The really emblematic case of this process of criminalization is the action taken by
the Office of the Prosecutor of Rio Grande do Sul (MP/PS) by attacking the fundamental
rights of landless families and their leaders in the State, under the argument of protecting
legality in rural areas and guaranteeing constitutional rights. On the basis of the
investigations conducted by the Military Police, a report submitted and approved by the
Council of the Military Police concluded that the MST should be characterized as a
“criminal organization” because it engages in “paramilitary activities.” Accordingly, settled
families have to forfeit their civic right to vote (the decision by the Military Police was to
seize voter registration cards from settlers), schools in settlements are to be closed, etc. The
extreme example was extending the National Security Act to cover the actions of the
popular social movements.
In addition, the investigations by the TCU have been operating as a mechanism to
hinder (or, at least, to limit as much as possible) the flow-through of public resources to
popular entities (NGOs) and social movements. Any analysis of the investigative
procedures of the TCU (for example, comparing the investigation of the flow-through of
resources to employers’ organizations and popular organizations) reveals a well-thoughtout action aimed, at any cost, at condemning the use of public resources by popular sectors.
6
That logic operates as a criminalization mechanism (accusation of misappropriation or
embezzlement of public resources), but also as a form of pressure on the Federal Executive,
thereby preventing funds from being made available and immobilizing many actions and/or
movements.
According to expressions contained in several documents of the above-mentioned
bodies, the objective is to protect the democratic State based on the rule of law; however,
the close relationship with the protection of private property is noteworthy.
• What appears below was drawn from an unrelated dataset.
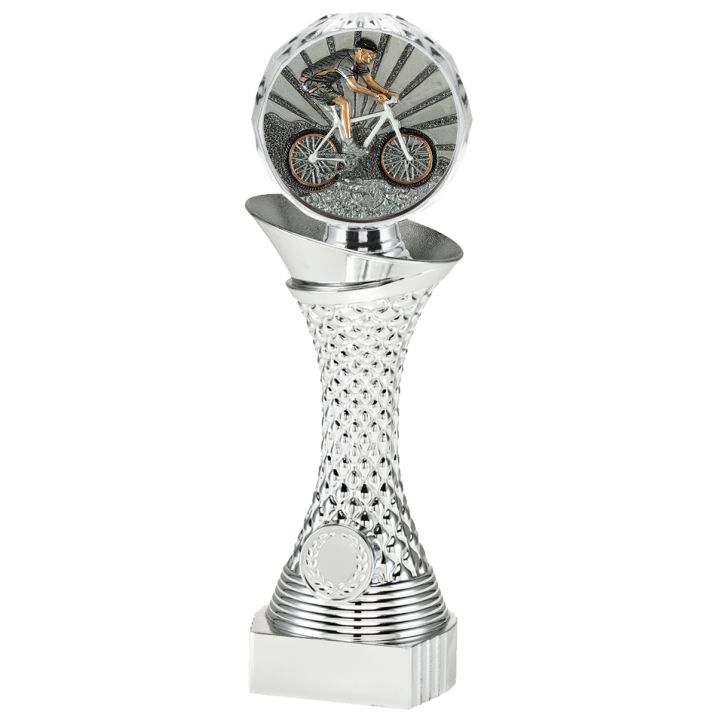 Deze zilveren trofee is in 3 maten beschikbaar bij Budgettrophy. Er zit een mooie mountainbike disc op de bovenkant van de trofee, en aan de onderkant is er ruimte voor een eigen afbeelding én een tekstplaatje! Voor de afbeelding kan je een eigen ontwerp uploaden. Of een van onze afbeeldingen kiezen. De montage van de trofee wordt gratis gedaan door Budgettrophy.
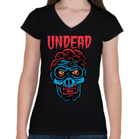 1 kép PRINTFASHION Undead - Női V-nyakú póló - Fekete

That
relationship reduces the constitutional spirit to ownership rights, since, as Deputy Sciarra
wrote, the “subversion of the democratic State of law” has as its “target public and private
property.”
6
An analysis of the documents shows that the actions by those bodies refer to or are based on actions of
others such as, for example, conclusions by Deputy Sciarra (2008, p. 60), which are based on the decision of a
judge in Carazinho/RS to apply the National Security Act (Law No. 7170/83) to the leadership of the MST, as
well as various suggestions of his report that are intended for the TCU, the Office of the Prosecutor, etc., with
the intention of organizing trials and legal actions.